Having fallen out of favour with the proliferation of mobile phones, settling on what to with old, disused or abandoned phone boxes on streets across the country has proved something of a conundrum. In the UK however, BT are providing one option.
Old or abandoned BT phone boxes on high streets across the UK are to be replaced by new digital hubs that will provide free Wi-Fi as well as other services.
It’s hoped the new digital units called ‘InLinks’ will rejuvenate the streets of London.
The first of these new units – which will replace some of BT’s existing payphones in London – appeared on Camden High Street in June.
The kiosks are the result of a new partnership between BT; Intersection, the company behind LinkNYC; and Primesight, a leading UK outdoor advertising company.
The InLinkUK from BT service will be rolled out to other high streets in London and major cities throughout the UK this year.
It will provide free internet access, free calls and useful location-specific information to users within range of the next-generation phone boxes.
BT said that all InLink services are free of charge to users and taxpayers as the project is funded by advertising revenue generated by the InLinks’ digital displays.

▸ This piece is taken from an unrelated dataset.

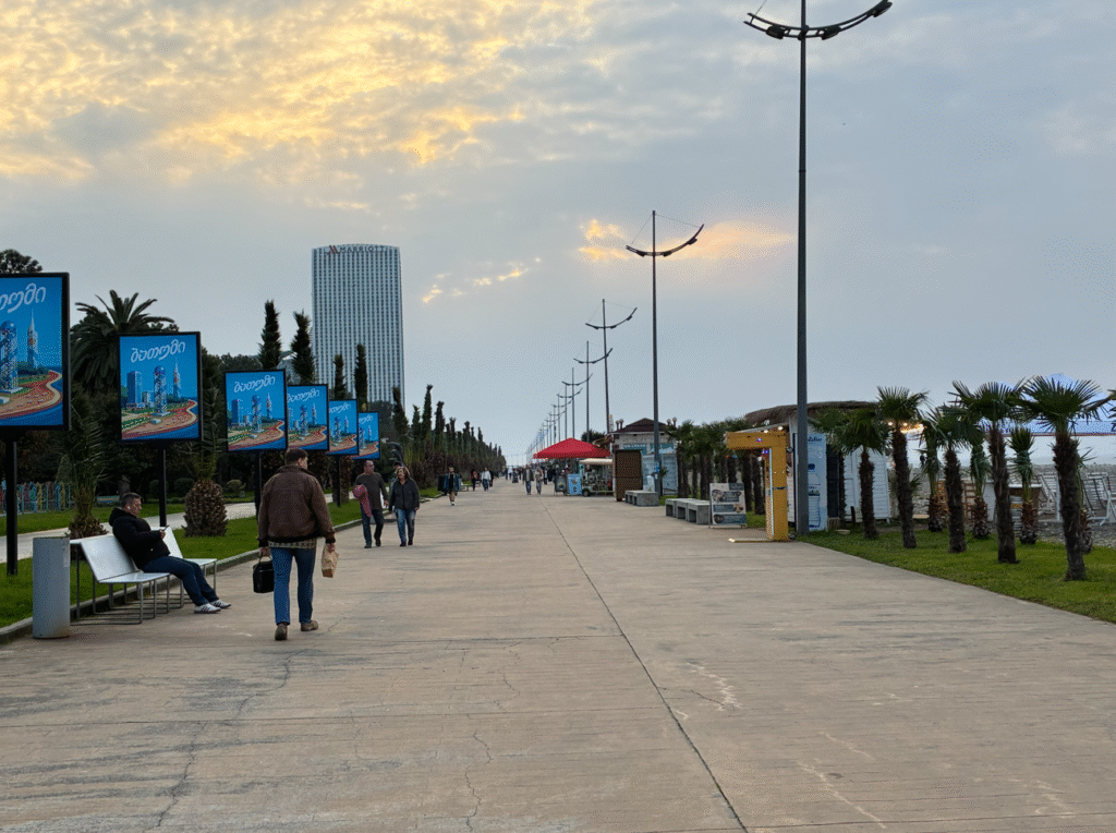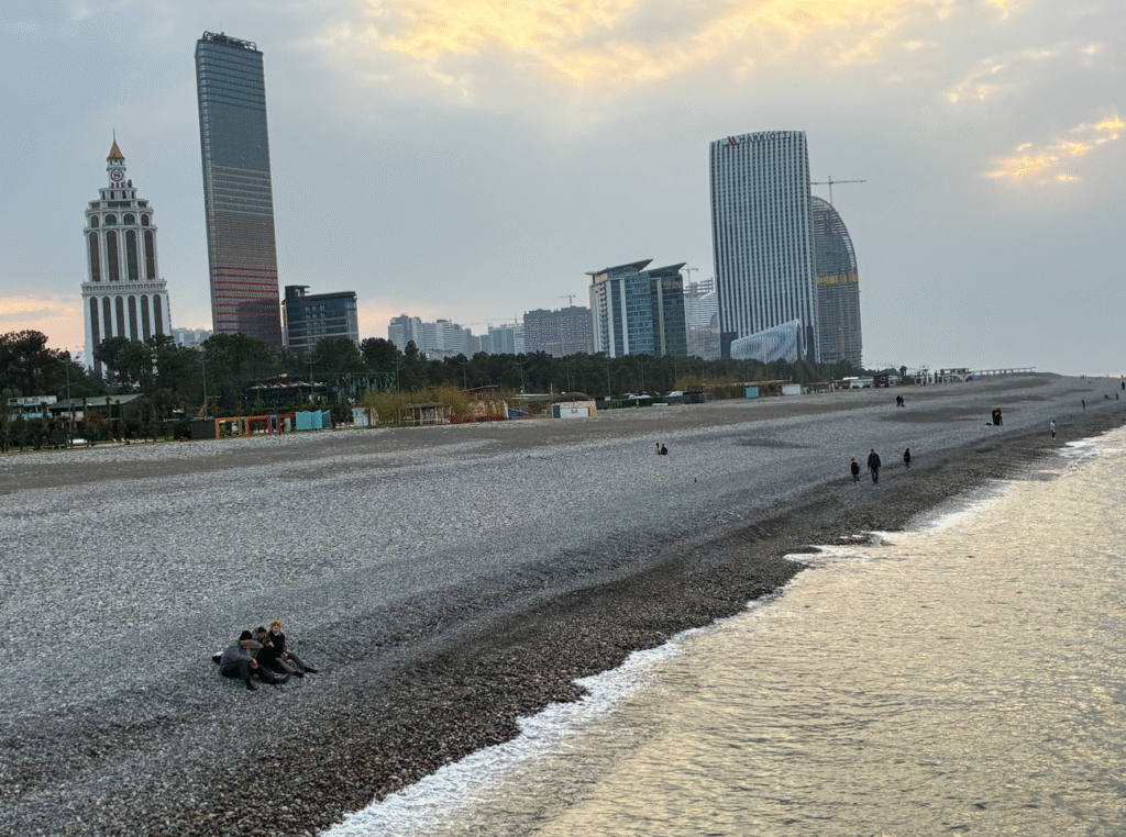 バトゥミのビーチは砂ではなく玉石(Pebbles)。夏はめちゃくちゃ人気で、海水浴・サイクリング・ランニングなどで大賑わいだそうです。この時期は、鴨川沿いみたく、カップルが等間隔で座ってたりしてます。

“This is the phone box of the future,” said Gerry McQuade, CEO of BT wholesale and ventures.
“InLinkUK from BT brings the payphone up to date, and gives people the services they need and use every day in the 21st century – and the bonus is, it’s all for free.
“But, as well as the free services – ultra-fast Wi-Fi, phone calls, rapid mobile charging and local information – councils and community organisations will be able to use the screens to provide up-to-the-minute news and information to local residents.
“And, just as the phone box has evolved, the new InLinks could evolve to use the internet of things, with connected sensors to monitor and help us understand and improve our environment,” McQuade said.
Matt Bird, General Manager of InLinkUK, added that the units will introduce the technology that is needed to create “a better urban environment”.
Indeed, he said that in the future, they will feature sensors to capture real-time environmental data, such as traffic conditions and pollution, which has “never been seen before in the UK at such a micro level”.
Following the activation of the first InLinks on Camden High Street, BT has noted that the units take up less space on the street than traditional payphones, while they will be installed in smaller numbers than the payphones they are replacing.
As a result, space on pavements in busy urban areas should be freed up.